Extracted data entries:

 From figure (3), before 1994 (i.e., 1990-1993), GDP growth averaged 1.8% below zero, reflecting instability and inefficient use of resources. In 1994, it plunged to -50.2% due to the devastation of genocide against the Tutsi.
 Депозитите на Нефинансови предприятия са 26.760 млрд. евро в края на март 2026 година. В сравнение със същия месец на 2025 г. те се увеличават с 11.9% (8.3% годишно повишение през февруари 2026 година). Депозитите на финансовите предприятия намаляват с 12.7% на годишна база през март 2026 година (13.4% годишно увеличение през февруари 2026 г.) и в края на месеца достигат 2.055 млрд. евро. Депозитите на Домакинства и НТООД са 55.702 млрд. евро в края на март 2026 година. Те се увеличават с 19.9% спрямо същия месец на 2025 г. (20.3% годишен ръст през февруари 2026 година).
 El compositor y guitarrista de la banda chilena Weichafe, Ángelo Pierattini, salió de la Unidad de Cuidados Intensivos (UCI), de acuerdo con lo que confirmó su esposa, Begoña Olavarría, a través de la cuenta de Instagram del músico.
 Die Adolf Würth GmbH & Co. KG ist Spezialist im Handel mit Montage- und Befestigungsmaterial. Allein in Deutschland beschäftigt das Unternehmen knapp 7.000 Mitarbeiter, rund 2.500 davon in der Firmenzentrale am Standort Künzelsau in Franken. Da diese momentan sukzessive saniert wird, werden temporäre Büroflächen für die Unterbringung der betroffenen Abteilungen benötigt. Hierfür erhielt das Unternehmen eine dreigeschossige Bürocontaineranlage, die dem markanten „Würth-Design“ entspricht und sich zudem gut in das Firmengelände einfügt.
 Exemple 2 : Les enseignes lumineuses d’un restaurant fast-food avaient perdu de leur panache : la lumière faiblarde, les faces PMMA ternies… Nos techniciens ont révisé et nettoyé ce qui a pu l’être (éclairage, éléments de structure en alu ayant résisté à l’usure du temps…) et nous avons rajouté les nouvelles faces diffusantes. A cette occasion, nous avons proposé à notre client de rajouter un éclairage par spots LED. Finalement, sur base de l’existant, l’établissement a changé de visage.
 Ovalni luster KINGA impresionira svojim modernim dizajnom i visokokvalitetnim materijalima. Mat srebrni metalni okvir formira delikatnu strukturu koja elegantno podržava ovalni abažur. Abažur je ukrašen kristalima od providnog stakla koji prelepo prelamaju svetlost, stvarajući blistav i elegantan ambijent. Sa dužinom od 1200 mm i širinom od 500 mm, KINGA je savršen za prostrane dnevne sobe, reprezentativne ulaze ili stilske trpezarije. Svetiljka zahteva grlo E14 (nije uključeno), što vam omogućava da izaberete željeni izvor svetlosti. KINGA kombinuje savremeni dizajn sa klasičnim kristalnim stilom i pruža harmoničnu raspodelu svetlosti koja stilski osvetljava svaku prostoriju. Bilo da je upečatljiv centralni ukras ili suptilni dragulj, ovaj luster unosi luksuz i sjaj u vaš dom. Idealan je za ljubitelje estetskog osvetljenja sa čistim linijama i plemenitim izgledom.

• WHAT YOU NEED TO DO
Beginning at the first line of the records, give again each line exactly as written, ending with the line that contains "Exemple 2 : Les".

• SOLUTION TO THE PROBLEM
 From figure (3), before 1994 (i.e., 1990-1993), GDP growth averaged 1.8% below zero, reflecting instability and inefficient use of resources. In 1994, it plunged to -50.2% due to the devastation of genocide against the Tutsi.
 Депозитите на Нефинансови предприятия са 26.760 млрд. евро в края на март 2026 година. В сравнение със същия месец на 2025 г. те се увеличават с 11.9% (8.3% годишно повишение през февруари 2026 година). Депозитите на финансовите предприятия намаляват с 12.7% на годишна база през март 2026 година (13.4% годишно увеличение през февруари 2026 г.) и в края на месеца достигат 2.055 млрд. евро. Депозитите на Домакинства и НТООД са 55.702 млрд. евро в края на март 2026 година. Те се увеличават с 19.9% спрямо същия месец на 2025 г. (20.3% годишен ръст през февруари 2026 година).
 El compositor y guitarrista de la banda chilena Weichafe, Ángelo Pierattini, salió de la Unidad de Cuidados Intensivos (UCI), de acuerdo con lo que confirmó su esposa, Begoña Olavarría, a través de la cuenta de Instagram del músico.
 Die Adolf Würth GmbH & Co. KG ist Spezialist im Handel mit Montage- und Befestigungsmaterial. Allein in Deutschland beschäftigt das Unternehmen knapp 7.000 Mitarbeiter, rund 2.500 davon in der Firmenzentrale am Standort Künzelsau in Franken. Da diese momentan sukzessive saniert wird, werden temporäre Büroflächen für die Unterbringung der betroffenen Abteilungen benötigt. Hierfür erhielt das Unternehmen eine dreigeschossige Bürocontaineranlage, die dem markanten „Würth-Design“ entspricht und sich zudem gut in das Firmengelände einfügt.
 Exemple 2 : Les enseignes lumineuses d’un restaurant fast-food avaient perdu de leur panache : la lumière faiblarde, les faces PMMA ternies… Nos techniciens ont révisé et nettoyé ce qui a pu l’être (éclairage, éléments de structure en alu ayant résisté à l’usure du temps…) et nous avons rajouté les nouvelles faces diffusantes. A cette occasion, nous avons proposé à notre client de rajouter un éclairage par spots LED. Finalement, sur base de l’existant, l’établissement a changé de visage.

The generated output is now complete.